In a recent editorial on the issue published in the September issue of Insight, Rep. Coburn stated that when North Carolina closed its anonymous testing sites, testing for HIV dramatically increased. Fleming also notes a comment from a Colorado health official who observed that the use of anonymous testing sites had dropped in that state to the point that some sites are no longer open full-time. Now that people realize they can increase survival with early treatment, they appear to be more willing to forgo anonymous testing, she says, adding that home HIV test kits are also on the market now.
Another factor driving the increased support for HIV reporting is the growing recognition that as attention turns more toward prevention, funding may eventually be tied to HIV cases and not just AIDS cases, says Fox Fields.

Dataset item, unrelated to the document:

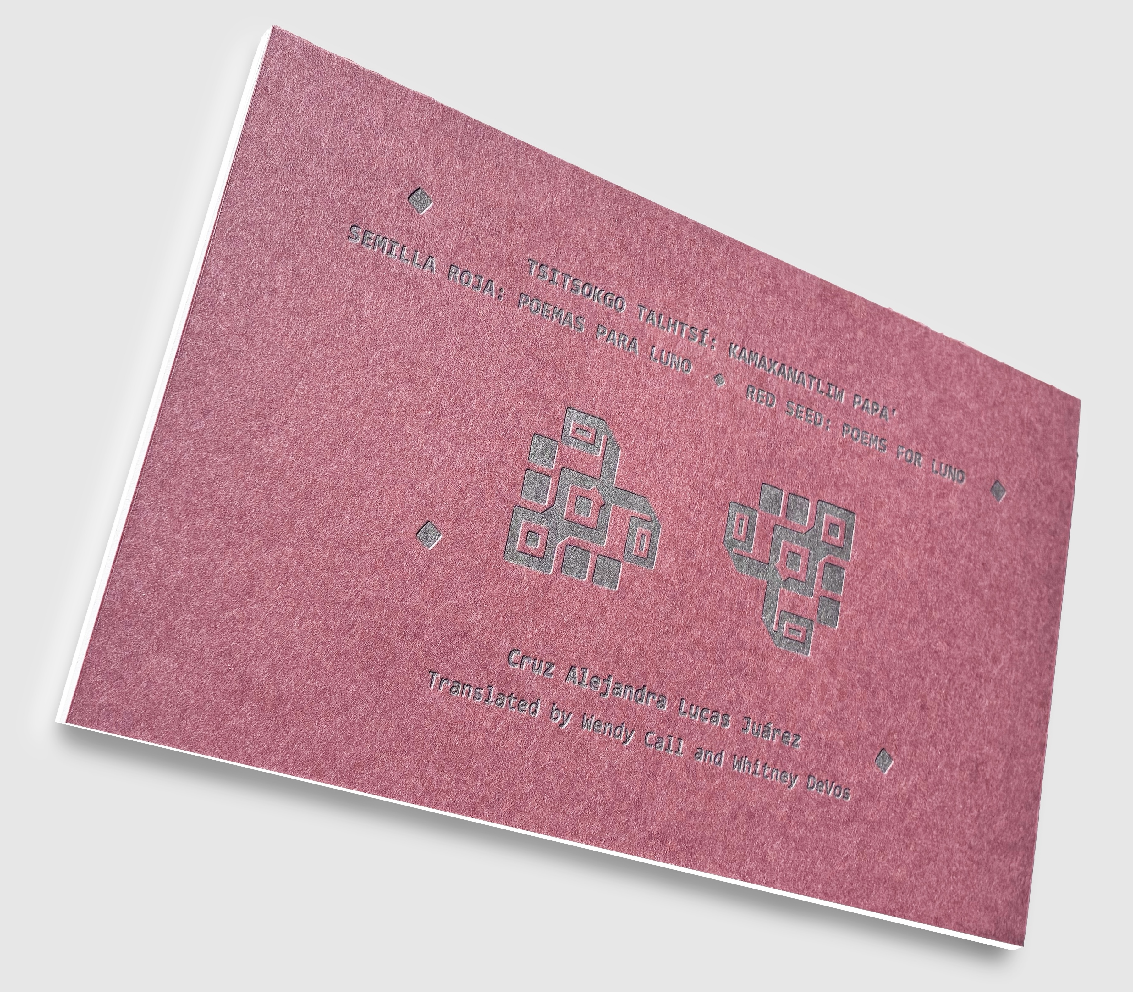 The subtitle, “Poems for Luno,” uses the masculine version of the Spanish word for moon (the feminine “luna”), referencing the Tutunakú belief that the moon (papa’) is the metaphorical father of all women. Papa’ / Luno bestows the gift of their womanhood, as regulator of the menstrual cycle; his monthly arrival is characterized as an amorous affair. This erotic relation is celebrated in Lucas Juárez’s poems, which weave together images of Luno as he appears to the speaker—and to her maternal ancestors—in dreams, quotidian moments, and Tukunakú stories.

"There have been no proposals yet, but it certainly has come up in discussions and no one is prepared to deal with that yet," she says. "I don’t think the change will be overnight, but I think within the next few years, with increased use of protease inhibitors, we might see some shifts in funding."
Those shifts may also be made geographically as HIV data show new infections are heating up in certain regions. Before AIDS case data became less reliable, the CDC noted that the epidemic was cooling off in epicenters of the Northeast and West where it first took hold but not in the South. Indeed, the AIDS incidence decreased only 1% in the South in 1996, compared to 12% in the West and 8% in the Northeast.
Public health officials in Georgia have the infrastructure set up to do name HIV reporting, but have not yet implemented it.
"We have to start doing it in Georgia, if just from a money standpoint," says Anthony Braswell, MPH, MBA, executive director of AID Atlanta, the largest AIDS organization in the Southeast. "Our numbers pale in comparison to other states that are doing it."